For China, the rationale for closer ties with Southeast Asia is clear. Rising factory wages in the country justify moving low complexity manufacturing to cheaper locations nearby. In 2019, Vietnam was China’s fourth largest trade partner for intermediate goods, between America and India, up from 15th ten years ago. China’s trade in intermediate goods with Cambodia and Laos grew nine-fold and eleven-fold, respectively, at the same time.

The strategy has a historical precedent. Until the 1970s, the main interest of Japanese companies in Southeast Asia was to purchase raw materials. Then they started to move production to the area. The change took off after the 1985 Plaza Accord, in which Japan agreed to allow the yen to appreciate, which widened the gap between domestic wages and those in low-cost countries. Companies have been able to preserve their competitive advantage by relocating, while promoting technological expertise elsewhere.
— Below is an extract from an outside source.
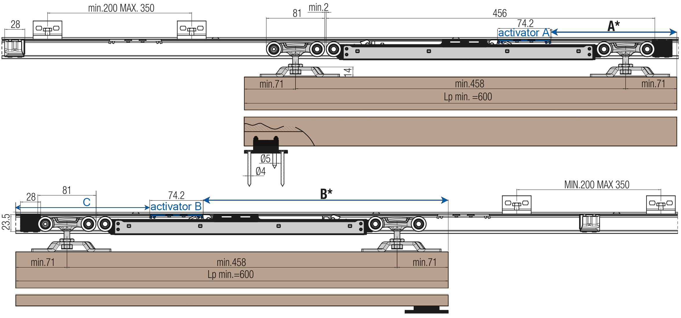 Afstand A: de afstand tussen het einde van de rail en het einde van activator A (zie de blauwe pijl in onderstaande afbeelding). Deze afstand hangt samen met de plek waar je de schuifdeur ophangplaatjes op de deur monteert. Als je 71 mm hanteert tussen het hart van de ophanging en het einde van de schuifdeur (zoals deze staat aangegeven op onderstaande tekening), dan is afstand A: 176 mm.

What does the new train line mean for Laos? The landlocked country suffers the most from Southeast Asia’s limited connectivity. The World Bank has been cautiously optimistic about the new route: Vientiane, it says, could become a logistics hub to China from Thai ports, but only if the Laotian customs system is made more efficient and connection routes improved. Although Laos has a land border with Yunnan and no coastline, in 2016 almost two-thirds of its exports to China were transported by sea.

Other assessments, however, are less optimistic. An article published by the Asian Development Bank Institute last year suggested that the investment was probably not profitable given the cost. Views on the Belt and Road Initiative have deteriorated since 2016, and fears have grown that the infrastructure is acting as a debt trap that gives China leverage over borrowers. Laos assumed 30% of the project’s responsibility, most of the financing of which was borrowed from the Export-Import Bank of China. The line will also not attract Chinese tourists for the foreseeable future, given China’s zero covid policy.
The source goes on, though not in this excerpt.